PennSound is a very special online resource that was instigated by founders Al Filreis and Charles Bernstein with the incredible support of the University of Pennsylvania in Philadelphia. There is really nothing like it in the world, and for anyone interested in poetry, poetics, or the literary world of the past 100 years, it is an incredibly important resource. The energy and dedication that has gone into this unmatched collection of recordings of poets reading, lecturing and talking about poetry is a gift whose impact will be felt for many years to come.
Filreis wears many hats – he is Kelly Professor at UPenn, Director, Center for Programs in Contemporary Writing, Co-Director, PennSound, Publisher of the literary magazine Jacket2 as well as Faculty Director, Kelly Writers House. In addition, he is the author of a number of books of criticism. Charles Bernstein, an old friend of mine, is one of the most important poets and critical thinkers of his generation of writers. He was the David Gray Professor of Poetry and Letters at the SUNY Buffalo and Director of the Poetics Program, which he co-founded with poet Robert Creeley. At SUNY, he co-founded the Electronic Poetry Center with Loss Glazier. Charles is currently the Donald T. Regan Professor of English and Comparative Literature at the University Pennsylvania. He was a co-founder also of the important literary magazine L-A-N-G-U-A-G-E and is the author of many books of poetry and theoretical writings about poetry, language and thinking. Also in this discussion is Michael Hennessey, the editor of PennSound, and author of the “PennSound Daily” column. Michael holds an MFA in Creative Writing from Emerson College and has published critical work in magazines and anthologies.

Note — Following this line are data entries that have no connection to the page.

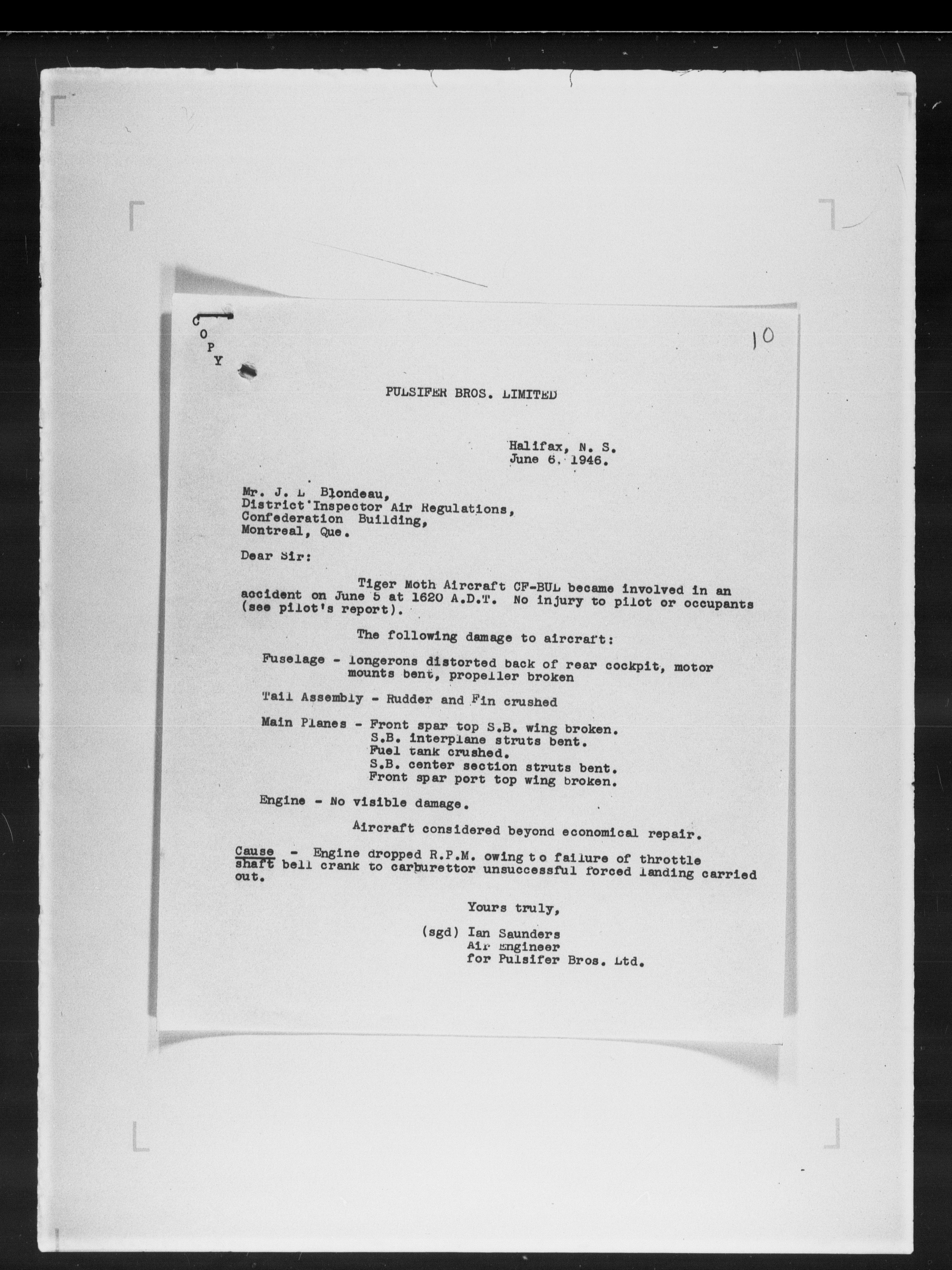 Department of Transport : Civil aircraft registration, inspection and operation files, 1920-1986 : T-7889
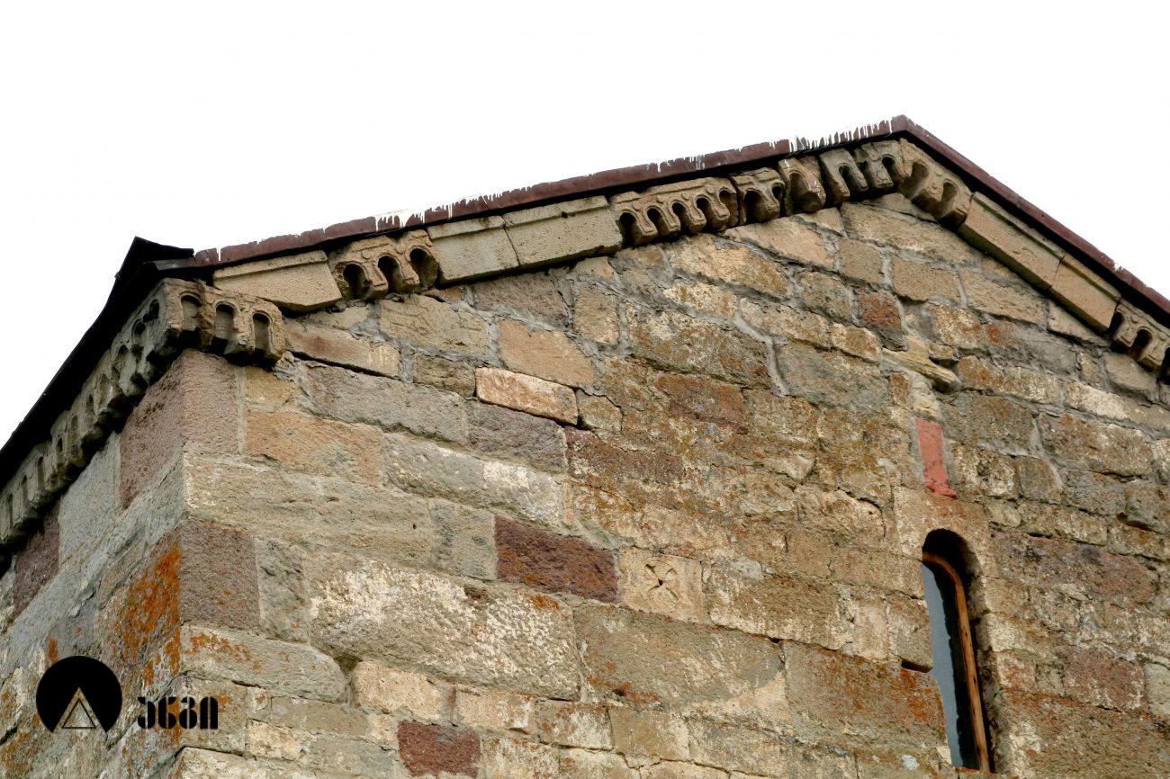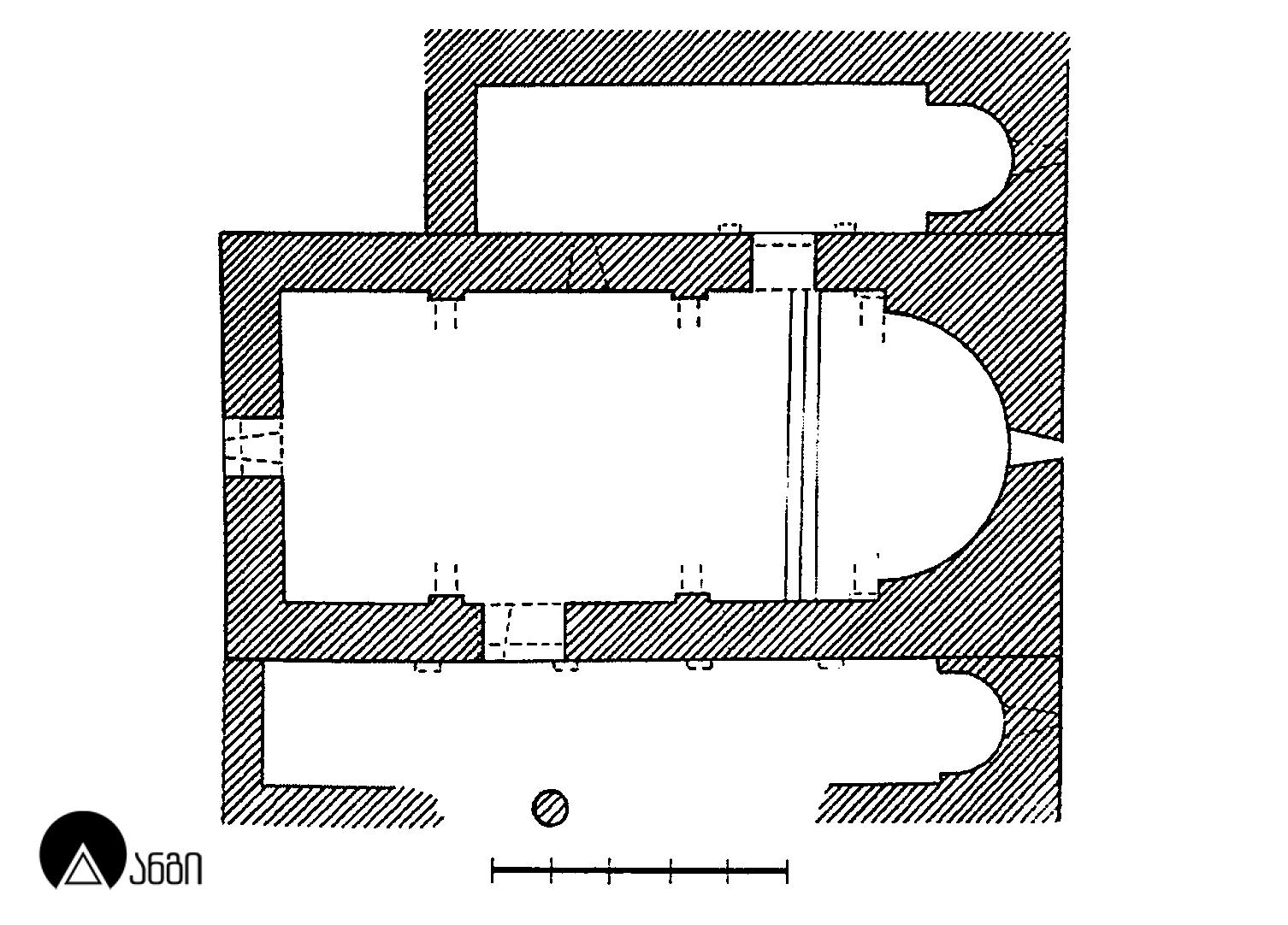 ტაძარი აზიდული, ჰარმონიული პროპორციებით ხასიათდება, რაც დამახასიათებელია ამ პერიოდის ძეგლებისთვის. ფასადები სადაა, მხატვრულ სახეს ნათელად გამოხატული ლაკონური ფორმები, სუფთად თლილი ქვების წყობა, კბილანა ლავგარდანი და სამთაღედით გახსნილი მინაშენი ქმნის (მინაშენისგან მცირე ნაშთებია შემორჩენილი). ეკლესია დარბაზულ ნაგებობას წარმოადგენს, სამხრეთისა და ჩრდილოეთის მინაშენებით. ორივე მინაშენი დღესდღეობით თითქმის სრულიად განადგურებულია. შესასვლელი ორია – სამხრეთითა და დასავლეთით, ორივე შესასვლელი გარედან არქიტრავულია, შიგნიდან კი – თაღოვანი. დარბაზი აღმოსავლეთით ნახევარწრიული აფსიდით სრულდება, რომელიც გამოყოფილია მხრებით. გრძივი კედლები დანაწევრებულია ორი წყვილი პილასტრით, რომლებზეც კამარის საყრდენი თაღებია გადაყვანილი. დარბაზი გადახურულია რკინა-ბეტონის ცილინდრული კამარით. სატრიუმფო თაღი, რომლისგანაც მხოლოდ სამხრეთის იმპოსტი და თაღის ქუსლია შემორჩენილი, კონსოლებს ეყრდნობოდა. კონსოლები ტალღოვანი ზოლებითა და ვარდულებითაა დეკორირებული, ასევე გაფორმებული იმპოსტიც. ტაძარი ხუთი სარკმლით ნათდება – აღმოსავლეთ, დასავლეთ და ჩრდილოეთ კედლებში თითო თაღოვანი სარკმელია გაჭრილი, სამხრეთისაში – ორი. დასავლეთის სარკმელი შიგნით სათაურითაა შემკული (ორ ლილვს შორის მოქცეული რელიეფური ზოლი), რაც იშვიათად გვხვდება ქართულ ხუროთმოძღვრებაში. ინტერიერი მთლიანად მოხატული ყოფილა, ამჟამად მხატვრობა სრულიად განადგურებულია. სამხრეთის მინაშენი მთელს სიგრძეზე გასდევს ეკლესიას და გეგმაში წრიულ სვეტებზე გადაყვანილი სამი თაღით იყო გახსნილი. თაღედისგან მხოლოდ საყრდენი სვეტები და დასავლეთის თაღის ქუსლია შემორჩენილი. ეკლესიის მთავარი დარბაზი ჩრდილოეთის მინაშენს კარით უკავშირდება. ორივე მინაშენი აღმოსავლეთით აფსიდალურია. ფასადები სადაა, დაუნაწევრებელი. კედლებს პატარა თაღებისგან შედგენილი კბილანა ლავგარდანი ასრულებს. ნანგრევებში ასევე აღმოჩნდა ლავგარდნის ქვები, რომლებიც შემკულია უფრო რთული დეკორატიული მოტივებით, ვარდულებით, ყურძნის მტევნებით და სხვა. აღმოსავლეთის სარკმელს გრეხილი ლილვის სათაური ამკობს, რომელსაც აზნექილი კიდეები აქვს. არმოსავლეთ ფასადზე ლაპიდარული წარწერაა: „წდი გიორგის ოქრო“. ეკლესია ნაგებია თბილი ტონალობის სუფთად ტუფით, რიგების ჰორიზონტალობის დაცვით. ტაძარს შემოვლებული ჰქონია თლილი ქვით ნაგები, ოთხკუთხა მოხაზულობის გალავანი, რომელიც ნაწილობრივ არის შემორჩენილი.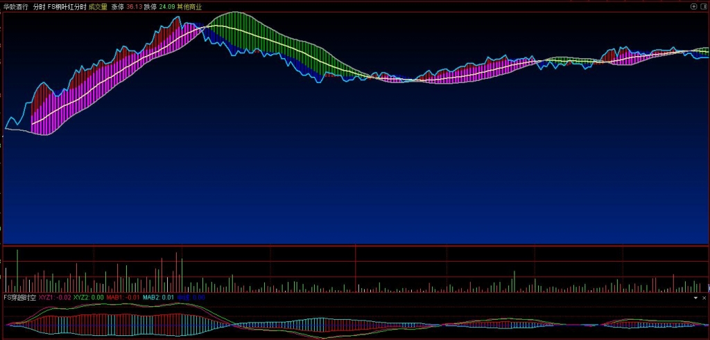 《枫叶红》分时指标作为指标名称,是因为它在趋势上行时,指标的图形会显示为像一张秋时的红叶形态,且叶子越大,上涨势态越猛。反之,出现绿叶时是跌势出现。所以《枫叶红》分时指标是以指标的图形形态来表示当前走势的实用指标。大凡用过分时指标的同学都知道,一些分时指标虽然加入了低点和高位信号,但随着趋势的改变,这些高低点位信号也在随着行走趋势在改变,是带有未来函数的是不能完全相信的。而《枫叶红》分时指标因她全部以均线源码为基础代码,不含有任何未来函数,所以指标不会出现失真和局部点位消失的现象。只要你能把握住红绿叶子的变化就可以操作好她。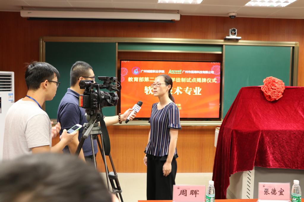 伴隨著全場熱烈的掌聲,校企雙方領(lǐng)導(dǎo)共同為教育部第二批現(xiàn)代學(xué)徒制試點專業(yè)揭牌。凌總和兩位副校長分別接受從化電視臺記者的采訪,校企雙方領(lǐng)導(dǎo)一致表示:“校企雙方精誠團(tuán)結(jié)、通力合作、資源整合、優(yōu)勢互補(bǔ)共同把這35名學(xué)生培養(yǎng)成為學(xué)校優(yōu)秀畢業(yè)生和企業(yè)的中堅力量?!?/span>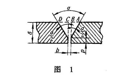 如圖1所示帶鈍邊V形坡口焊縫,坡口角度為α,間隙為b,鈍邊為P,根據(jù)解三角形的方法:

I wanted to talk to Filreis, Bernstein and Hennessey about how PennSound came into being, to learn more about its scope and breadth, and to hear first hand their plans for the future. My hope is that our discussion will draw as much attention and support to PennSound as possible. And I can’t help enjoying the appropriateness of presenting an audio experience of this essential audio resource. There is something new and compelling posted at PennSound almost every day. Please visit, spend some time, and enjoy the rich trove of poetry as spoken and discussed by the poets themselves. Even those who don’t read or even like poetry have their minds changed by the experience of hearing the words out loud.